The paper presents a system for "open-universe" indoor scene generation from natural language text prompts. Unlike prior work that trains on fixed datasets of 3D scenes with curated object categories, this system can generate a wide variety of room types and incorporate objects beyond a predefined vocabulary. It achieves this by leveraging the world knowledge embedded in LLMs and vision-LLMs (VLMs), combined with a 3D object database that does not require category annotations or consistent alignment.
The core idea is to decompose the complex task of scene generation into several manageable steps:
- Scene Program Synthesis: An LLM translates the natural language prompt into a declarative program written in a custom domain-specific language (DSL). This DSL describes the objects in the scene and their spatial relationships using constraints, rather than precise numerical coordinates. This approach is motivated by the observation that LLMs perform better at reasoning about relative spatial relationships than precise metrics.
- Layout Optimization: The scene program is converted into a geometric constraint satisfaction problem. A gradient-based optimization scheme solves this problem to determine the positions and orientations of all objects in the scene, producing a structured object layout. The optimizer includes mechanisms to handle potential errors and contradictions in the LLM-generated program and uses "repel forces" to produce plausible layouts that avoid unnecessary clutter or overlap.
- Object Retrieval: For each object specified in the generated layout, the system retrieves a suitable 3D mesh from a large, unannotated database (like Objaverse (Deitke et al., 2022 , Deitke et al., 2023 )). This is done using VLMs (specifically, SigLIP [Zhai_2023_ICCV]) to embed both the object's text description and renderings of candidate 3D meshes. A category-aware re-ranking and a multi-object filtering step using a multimodal LLM (GPT4V) are employed to improve retrieval accuracy and ensure that the retrieved mesh matches the desired category and contains only the specified object. The system also filters candidates based on how well their bounding box aspect ratio matches the specified object dimensions.
- Object Orientation: The retrieved 3D meshes, which often lack consistent orientation, must be aligned with the scene layout. The system first aligns the mesh's upright direction with the scene's vertical axis based on bounding box aspect ratio distortion. Then, it uses a combination of VLM similarity to the text "the front of a [category]" and a multimodal LLM (GPT4V) to determine which of the four horizontal directions corresponds to the object's front face.
The system evaluates its approach qualitatively and quantitatively. Qualitative results demonstrate the system's ability to generate diverse indoor scenes, including common rooms, rooms for specific activities, stylish rooms, and fantastical spaces, based on open-ended text prompts. Optional inputs like room size and object density can also be controlled. The stochastic nature of the layout optimizer also allows for generating variations of the same scene program.
In quantitative evaluations, the system is compared against prior closed-universe methods (ATISS [Paschalidou2021NEURIPS] and DiffuScene [tang2023diffuscene]) on generating standard room types (bedroom, living room, dining room). A perceptual paper shows that layouts generated by this system are significantly preferred by human participants (79-81% preference) over those produced by the baseline methods, which often suffer from object overlaps and less plausible arrangements.

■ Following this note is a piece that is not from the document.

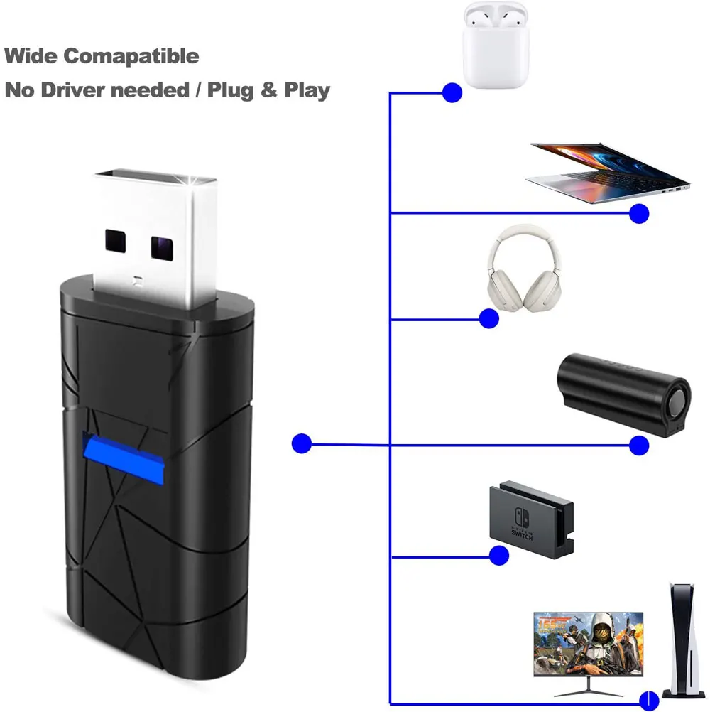 1. Широкое использование: Беспроводной адаптер Bluetooth 5,0 может быть совместим с вашим PS5,PS4,Nintendo Switch Dock,PC, Mac, игровая консоль и поддержка в игровом голосовом чате, чтобы наслаждаться высоким качеством звука для ваших любимых динамиков или наушников.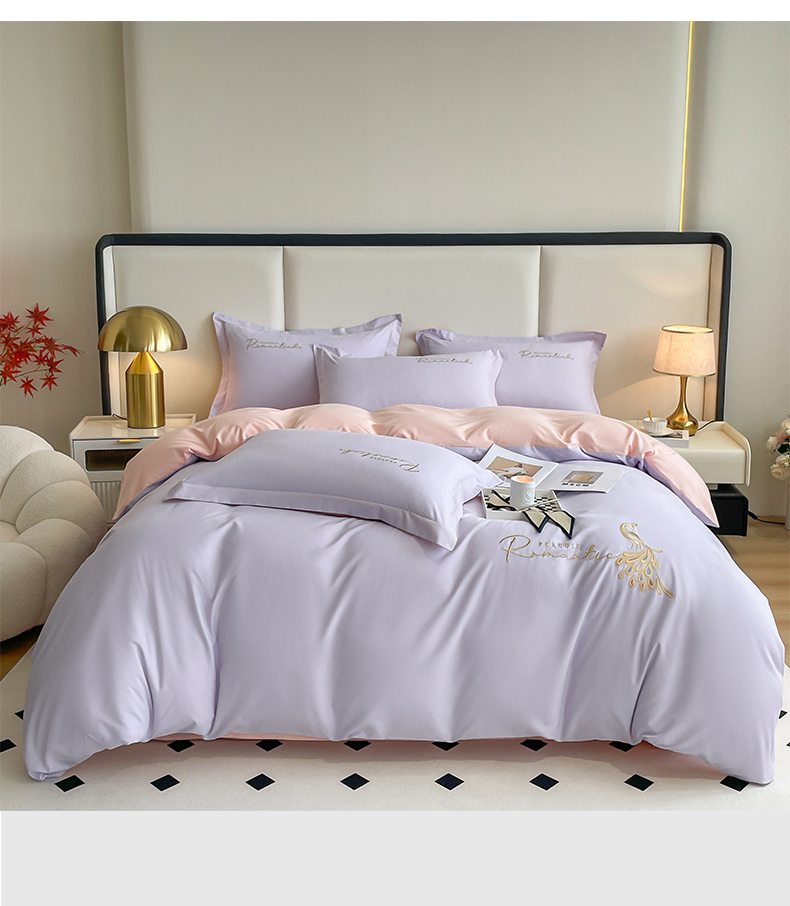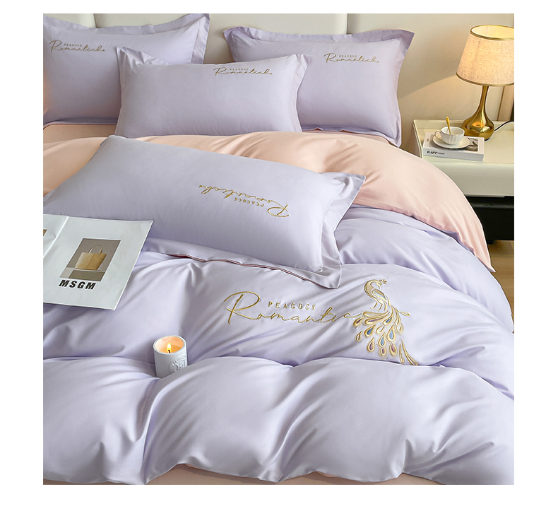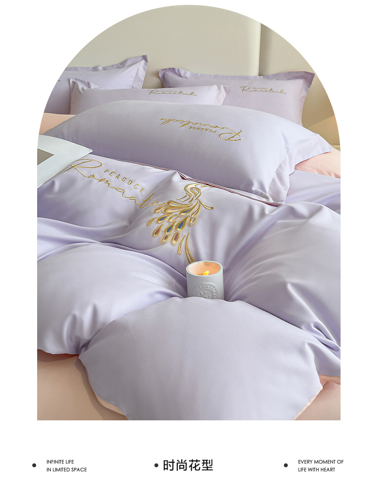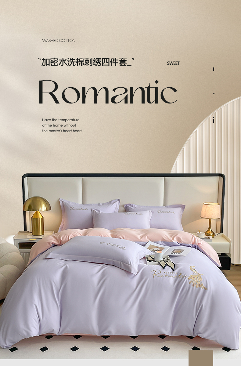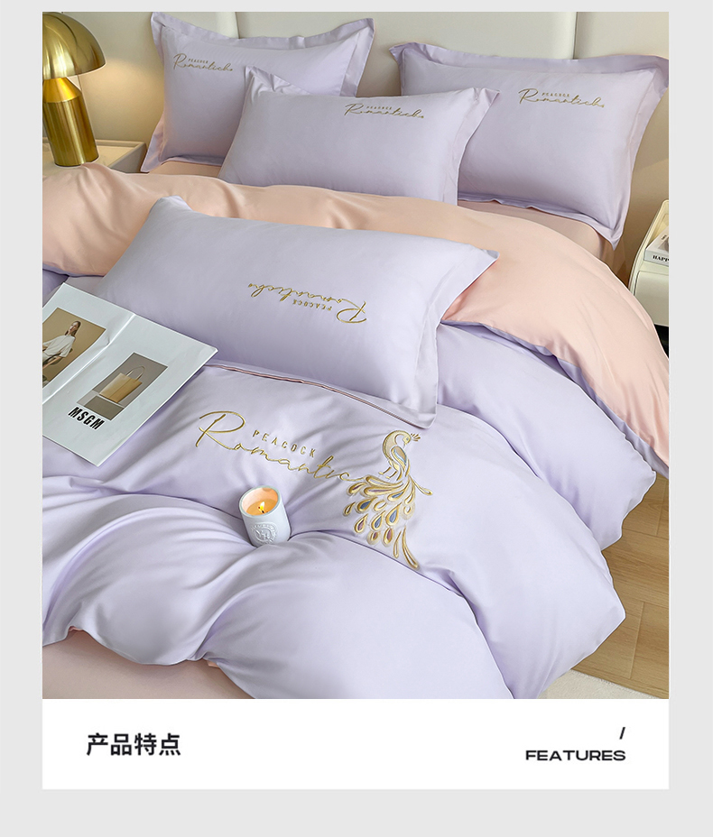 商品名称:花愿(原花纪) 2023新款加密水洗棉刺绣四件套-蓝孔雀 蔷薇紫+樱花粉

For open-universe generation, the system is compared against a modified LayoutGPT [feng2023layoutgpt] baseline across various prompt types (basic, completion, style, activity, fantastical, emotion). A perceptual paper shows the proposed system's output is preferred overall (65% preference), particularly for style and emotion prompts. The comparison also highlights LayoutGPT's tendency for object interpenetration, which the proposed constraint-based optimizer avoids. Ablation studies validate the effectiveness of the multi-stage program synthesis pipeline, the category-aware re-ranking and filtering in object retrieval, and the multi-step approach for object orientation.
The authors acknowledge limitations, including restricting rooms to four walls and objects to cardinal orientations. While the system demonstrates promising results, a small qualitative paper indicated that generated scenes, while plausible in basic object grouping, sometimes lacked adherence to professional interior design principles (e.g., circulation space), suggesting avenues for future work, possibly by incorporating such principles into the DSL. The current computational cost is also higher than traditional closed-universe methods, with median scene generation time around 25 minutes, primarily due to repeated LLM API calls for program synthesis, retrieval, and orientation, although caching and model advancements could improve this.
The key contributions are summarized as:
- A declarative DSL for indoor scene layouts and a gradient-based executor.
- A prompting workflow using LLMs for synthesizing DSL programs from text.
- A pipeline using pretrained VLMs for retrieving and orienting 3D meshes from large, unannotated databases.
- Evaluation protocols and benchmarks for open-universe indoor synthesis.
The paper highlights a practical implementation strategy for open-universe 3D scene generation by effectively combining the strengths of LLMs for high-level reasoning and knowledge, VLMs for visual understanding and retrieval, and traditional optimization techniques for satisfying geometric constraints.